Thursday, November 24, 2011

Stability on a Cliff

Stability is a good thing.  I appreciate it.  I really, really enjoy the fact that my life makes sense and it is stable and I am honestly happy.  And I am generally okay with the fact that I beat down my emotions a little bit to get them to fit into a stable life, because it's been a very long time since I can remember my thoughts even remotely resembling something stable.

Let me clarify this simply, once and for all: I am anything but stable.  And I like that. I'm okay with not being able to rationalize my emotions and I enjoy my occasional wild urges to disobey convention.  I've learned to reign them in and frolic in the thoughts, which is enough for me.

But I sometimes think, like tonight, that stability has stolen pieces of me away.  I used to go on walks, especially in the winter, and cry.  I had no reason, but I would just cry, because I liked the tears, and they made me feel alive when I felt barren. I miss walks.  By myself or with others.  They're part of what made me who I am.  Nothing, even now, makes me feel as alive as a good walk.  That's how I got to know you, if you remember.  Walks bring back memories and give root to new thoughts.  They make me feel better.  And I miss them.

And maybe writing this here is merely a passive-aggressive way of telling you that please, I want to take walks again, and that please, I want you to come with me.  And in a sense, that's the reason I started writing this.  But that's not the whole point or anything, I'd just really enjoy it.  Please?

Stability also stole my writing.  I don't really blog anymore.  Three times (including today) in this entire month, that's all.  That doesn't count as blogging anymore.  I don't know how to write about my feelings because they're no longer so vivid or poignant as they once were.  I read one of the most truthful pieces I've ever written and shared again today, and I wish I could still write that well.  But there's nothing for me to draw from in that way.

Stability has made me boring, and that bothers me.  I don't focus on the wreck of my emotions because my emotions are no longer a wreck, really.  My life has become mundane and regular.  I still have highs and lows, but they are dampened, and the glimmer of rebellion in my soul is displeased with this.  There is something in the pure recklessness of what my life was that I am sad about moving past.

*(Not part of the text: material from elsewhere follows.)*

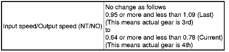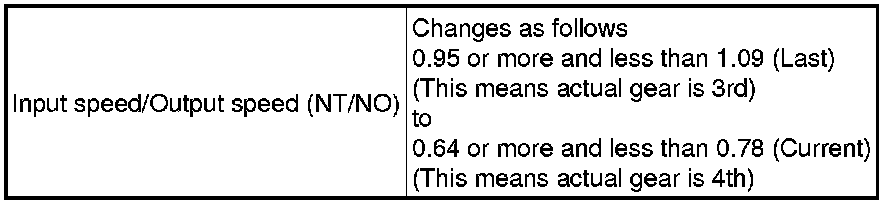 The ECM uses signals from the vehicle speed sensor and speed sensor NT to detect the actual gear position (1st, 2nd, 3rd or 4th gear).

So in a way, this goes back to something I've said before.  I need a new source of adrenaline.  My pain is no longer so bitter, but my joy is never so incredibly uplifting as it was then.  And while I like this stability quite a bit, I do miss that range of emotion.  I don't really feel alive anymore.  I feel like a machine designed to do work.  My space feels like a prison.  It's all work I like and a prison I am very much at home in, but I still want to run as far away from it all as I can.  Please, please tell me how I can have both.